Using the listing below, print exactly everything from the line with "Irurtzungo ikasleekin, irtenaldi batean ▲" down to the line with "Lanbide honetan egokitzen", both included, and nothing more.

*DATA UNDER STUDY*:
########################################
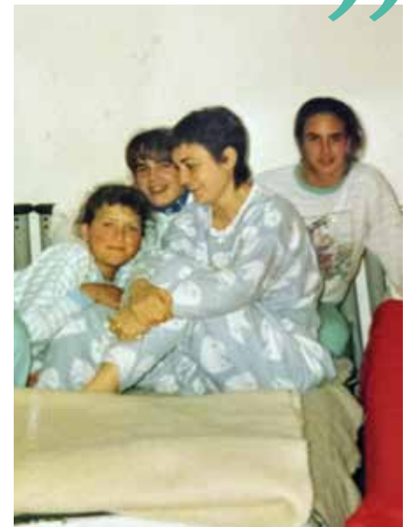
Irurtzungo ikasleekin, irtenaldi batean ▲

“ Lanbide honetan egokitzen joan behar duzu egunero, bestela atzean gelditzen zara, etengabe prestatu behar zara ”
########################################
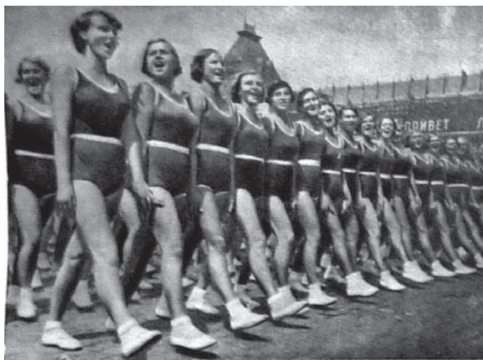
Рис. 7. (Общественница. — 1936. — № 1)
########################################
*ANSWER TO THIS PROBLEM*:
Irurtzungo ikasleekin, irtenaldi batean ▲

“ Lanbide honetan egokitzen joan behar duzu egunero, bestela atzean gelditzen zara, etengabe prestatu behar zara ”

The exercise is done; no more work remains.